Optimization / exchange argument / Cartesian tree.

Claim

For a linear array, the minimum merge cost is the sum of the parent values in its max Cartesian tree, over all non-root nodes.

For the ring, cut the cycle at any occurrence of the global maximum and solve the resulting linear instance. Equal maxima give the same value with the stable Cartesian-tree tie rule used in the code.

Necessary

Every merge tree over a linear order has an internal node for each merged interval. The cost of an internal node is the maximum value inside that interval. Since the interval maximum is independent of the split, the optimal recurrence is:

dp[l][r] = max(a[l..r]) + min(dp[l][k] + dp[k+1][r]).

The Cartesian tree is the compact form of this recurrence: each non-root leaf/subtree is first joined through the nearest dominating maximum, contributing exactly its parent value.

Sufficient

Build the max Cartesian tree after cutting at a global maximum.
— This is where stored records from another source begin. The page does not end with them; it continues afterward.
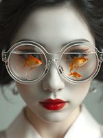 Stap in een droomwereld waar traditie en fantasie elkaar ontmoeten. Dit surrealistische schilderij toont een Japanse geisha met een mysterieus serene uitstraling. Wat direct in het oog springt, is haar gigantische bril, die fungeert als een mini-aquarium. In elk glas zwemmen twee levendige goudvissen, gedetailleerd geschilderd met een…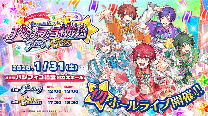 VOISING所属の2.5次元アイドルグループ「すたぽら」が自身初となるホールライブ『StarLight PolaRis One Man Live in パシフィコ横浜 Sirius / Orion』を2026年1月31日(土)に神奈川・パシフィコ横浜 国立大ホールにて開催することが決定しました。
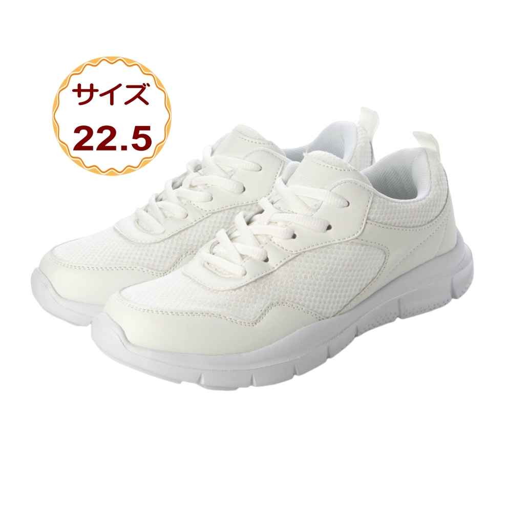 スニーカー 運動靴 スクール ランニング シューズ 作業靴 軽量 3E 幅広 通学 コンフォート 男女兼用 ホワイト 白 24249-wht-225 22.5cm

Merging bottom-up according to the tree is a legal adjacent-merge order and pays exactly the parent-value sum.

Brute / Check

Checked by exhaustive DP over all cyclic merge choices for n <= 7, small values, against the implemented formula.

Edge

• n=2
• zeros
• repeated global maximum
• all values equal

代码

来源：problems/cf2165A/solution.cpp

#include <bits/stdc++.h>
#define ll long long
using namespace std;

int main() {
    ios::sync_with_stdio(false);
    cin.tie(nullptr);

    int T;
    cin >> T;
    while (T--) {
        int n;
        cin >> n;
        vector<ll> a(n);
        for (int i = 0; i < n; i++) cin >> a[i];

        int root = 0;
        for (int i = 1; i < n; i++) {
            if (a[i] > a[root]) root = i;
        }

        vector<ll> b(n);
        for (int i = 0; i < n; i++) b[i] = a[(root + i) % n];

        vector<int> par(n, -1), st;
        st.reserve(n);
        for (int i = 0; i < n; i++) {
            int last = -1;
            while (!st.empty() && b[st.back()] < b[i]) {
                last = st.back();
                st.pop_back();
            }
            if (!st.empty()) par[i] = st.back();
            if (last != -1) par[last] = i;
            st.push_back(i);
        }

        ll ans = 0;
        for (int i = 0; i < n; i++) {
            if (par[i] != -1) ans += b[par[i]];
        }
        cout << ans << '\n';
    }
    return 0;
}